Your assignment:
Every record is to be printed exactly as written, and any picture in it is skipped.

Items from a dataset

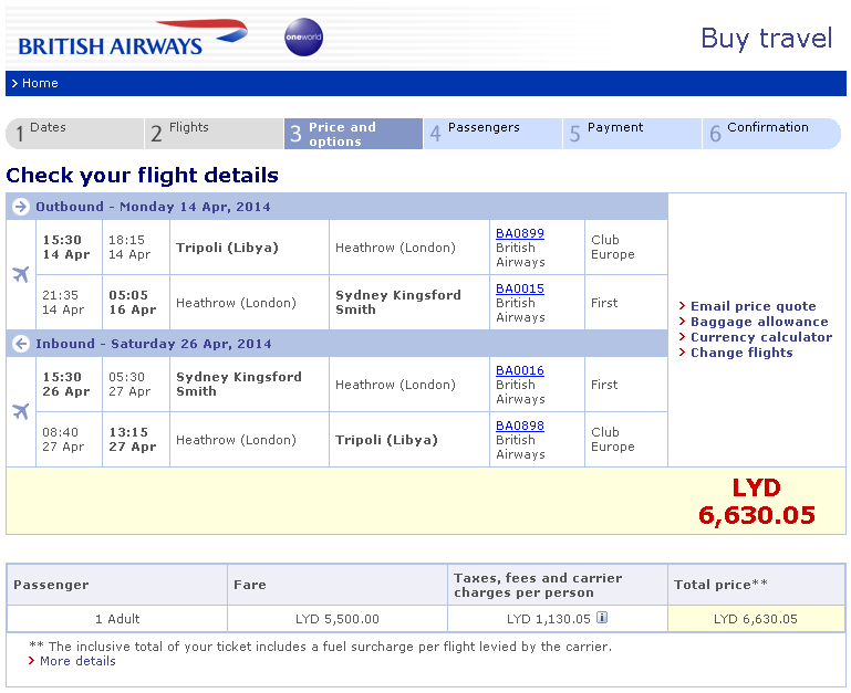 Routing: Tripoli-(BA)-London-(BA via Singapore)-Sydney
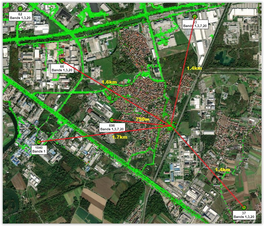 750589 isto 5G endc yes band 7, i drugi toranj odma do nema, ja se na njega spajam doma sa ruterom al brzine nis posebno |
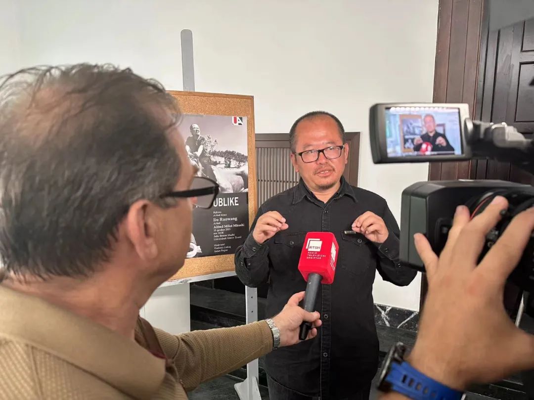 △ 刘若望在地拉那艺术大学演讲并接受记者采访
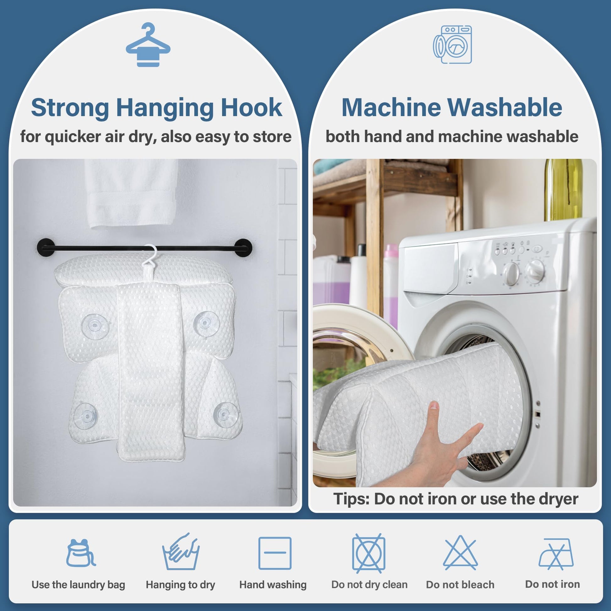 - Machine Washable & Built-In Drying Hook: Either wash by hand or wash in the washing machine with gentle detergent on the gentle cycle. With convenient built-in hanging hook design, the bath tub pillow can be hang up to dry after each use, for fast and easy air drying to prevent the accumulation of water to keep the pillow fresh and clean.Always air dry, do not iron. Tips: Use a mesh bag for machine washing to prevent suction cups from sticking to the machine. (Mesh bag not included)
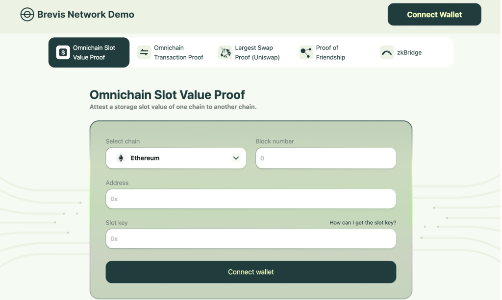 The Brevis framework also furnishes an API that facilitates ZK proof of any EVM storage slot value from a connected (same or remote) chain. Different from the Transaction and Receipt API, which focuses on dynamic actions, this API empowers developers to build smart contracts that can access a blockchain’s static state snapshot at any given time. To access certain storage slots’ values at a specific block number in a trust-free way, application builders need only invoke a SlotValue Verifier contract. You can experiment with this demo to better understand how it works.
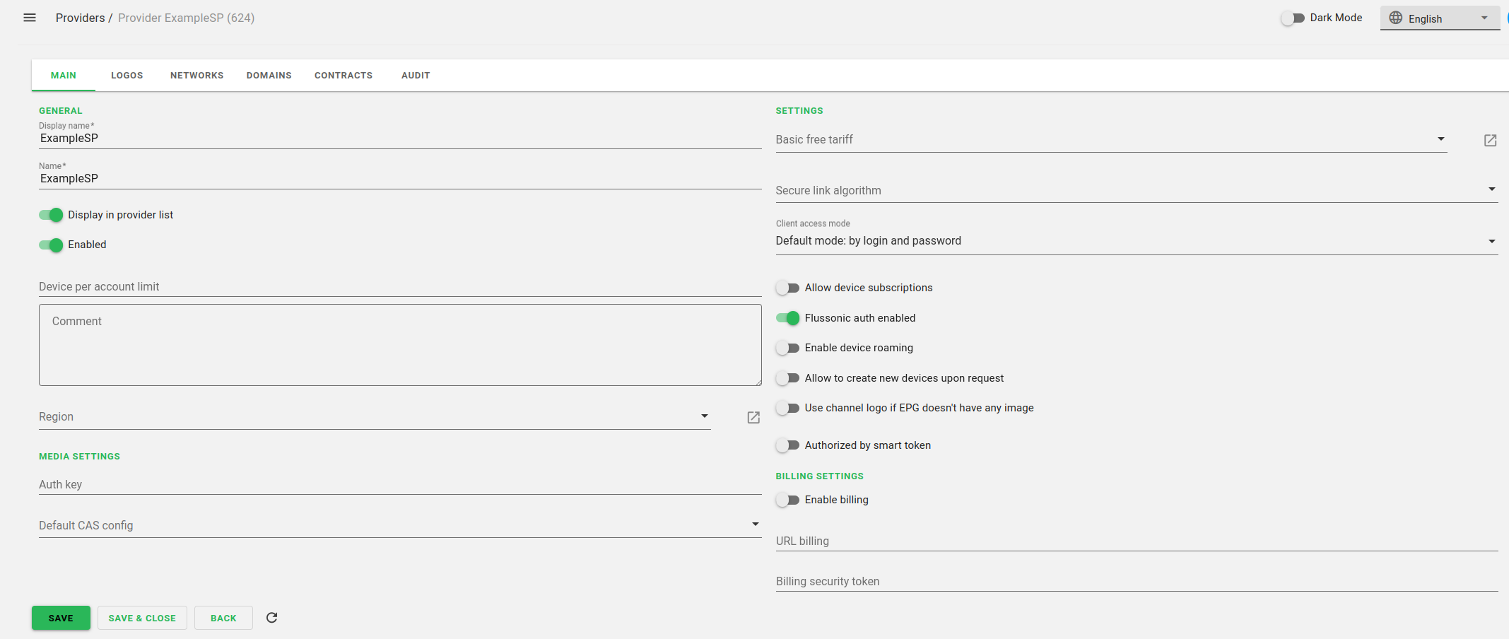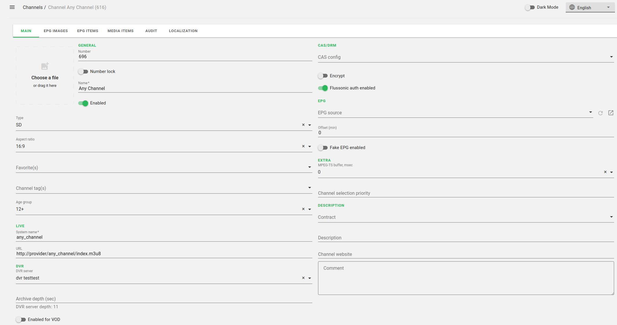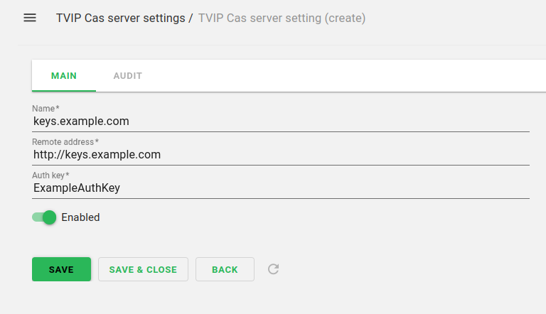 В разделе TVIP Cas server setting добавить новый Cas server.

Solution for this exercise:
 Routing: Tripoli-(BA)-London-(BA via Singapore)-Sydney
 750589 isto 5G endc yes band 7, i drugi toranj odma do nema, ja se na njega spajam doma sa ruterom al brzine nis posebno |
 △ 刘若望在地拉那艺术大学演讲并接受记者采访
 - Machine Washable & Built-In Drying Hook: Either wash by hand or wash in the washing machine with gentle detergent on the gentle cycle. With convenient built-in hanging hook design, the bath tub pillow can be hang up to dry after each use, for fast and easy air drying to prevent the accumulation of water to keep the pillow fresh and clean.Always air dry, do not iron. Tips: Use a mesh bag for machine washing to prevent suction cups from sticking to the machine. (Mesh bag not included)
 The Brevis framework also furnishes an API that facilitates ZK proof of any EVM storage slot value from a connected (same or remote) chain. Different from the Transaction and Receipt API, which focuses on dynamic actions, this API empowers developers to build smart contracts that can access a blockchain’s static state snapshot at any given time. To access certain storage slots’ values at a specific block number in a trust-free way, application builders need only invoke a SlotValue Verifier contract. You can experiment with this demo to better understand how it works.
 В разделе TVIP Cas server setting добавить новый Cas server.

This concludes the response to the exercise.